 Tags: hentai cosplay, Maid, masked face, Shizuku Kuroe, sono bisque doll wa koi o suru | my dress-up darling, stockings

...

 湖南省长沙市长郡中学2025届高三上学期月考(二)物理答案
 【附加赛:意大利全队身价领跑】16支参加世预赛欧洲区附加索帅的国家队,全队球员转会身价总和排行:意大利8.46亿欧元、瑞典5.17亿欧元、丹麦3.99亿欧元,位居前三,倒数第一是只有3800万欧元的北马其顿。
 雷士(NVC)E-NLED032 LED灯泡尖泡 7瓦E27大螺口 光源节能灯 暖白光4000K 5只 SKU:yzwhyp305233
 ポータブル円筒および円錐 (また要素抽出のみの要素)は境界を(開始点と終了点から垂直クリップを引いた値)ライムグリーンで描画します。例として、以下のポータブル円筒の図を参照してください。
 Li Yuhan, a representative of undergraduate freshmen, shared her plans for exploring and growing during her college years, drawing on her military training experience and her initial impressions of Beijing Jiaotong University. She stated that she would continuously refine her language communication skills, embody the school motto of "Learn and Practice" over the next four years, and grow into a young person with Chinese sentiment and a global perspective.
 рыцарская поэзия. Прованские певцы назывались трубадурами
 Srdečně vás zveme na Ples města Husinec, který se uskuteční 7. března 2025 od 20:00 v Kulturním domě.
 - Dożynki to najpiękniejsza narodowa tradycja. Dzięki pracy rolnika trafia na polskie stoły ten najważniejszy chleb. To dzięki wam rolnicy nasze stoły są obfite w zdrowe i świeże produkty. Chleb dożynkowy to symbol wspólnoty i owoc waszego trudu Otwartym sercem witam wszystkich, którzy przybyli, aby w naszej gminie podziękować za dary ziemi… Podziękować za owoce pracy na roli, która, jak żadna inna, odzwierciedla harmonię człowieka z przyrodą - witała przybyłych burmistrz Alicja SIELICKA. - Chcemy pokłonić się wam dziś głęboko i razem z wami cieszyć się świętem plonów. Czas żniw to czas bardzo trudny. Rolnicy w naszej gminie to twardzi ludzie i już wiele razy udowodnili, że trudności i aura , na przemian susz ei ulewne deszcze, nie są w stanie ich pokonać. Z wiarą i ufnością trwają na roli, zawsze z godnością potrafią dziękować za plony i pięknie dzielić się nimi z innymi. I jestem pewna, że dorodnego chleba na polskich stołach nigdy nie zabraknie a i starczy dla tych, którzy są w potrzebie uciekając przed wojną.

> [Work order]: In the listing above, locate the line containing "湖南省长沙市长郡中学2025届高三上学期月考(二)物理答案" and the line containing "ポータブル円筒および円錐 (また要素抽出", then transcribe both and every line between them verbatim.

> [Response to the task]:
 湖南省长沙市长郡中学2025届高三上学期月考(二)物理答案
 【附加赛:意大利全队身价领跑】16支参加世预赛欧洲区附加索帅的国家队,全队球员转会身价总和排行:意大利8.46亿欧元、瑞典5.17亿欧元、丹麦3.99亿欧元,位居前三,倒数第一是只有3800万欧元的北马其顿。
 雷士(NVC)E-NLED032 LED灯泡尖泡 7瓦E27大螺口 光源节能灯 暖白光4000K 5只 SKU:yzwhyp305233
 ポータブル円筒および円錐 (また要素抽出のみの要素)は境界を(開始点と終了点から垂直クリップを引いた値)ライムグリーンで描画します。例として、以下のポータブル円筒の図を参照してください。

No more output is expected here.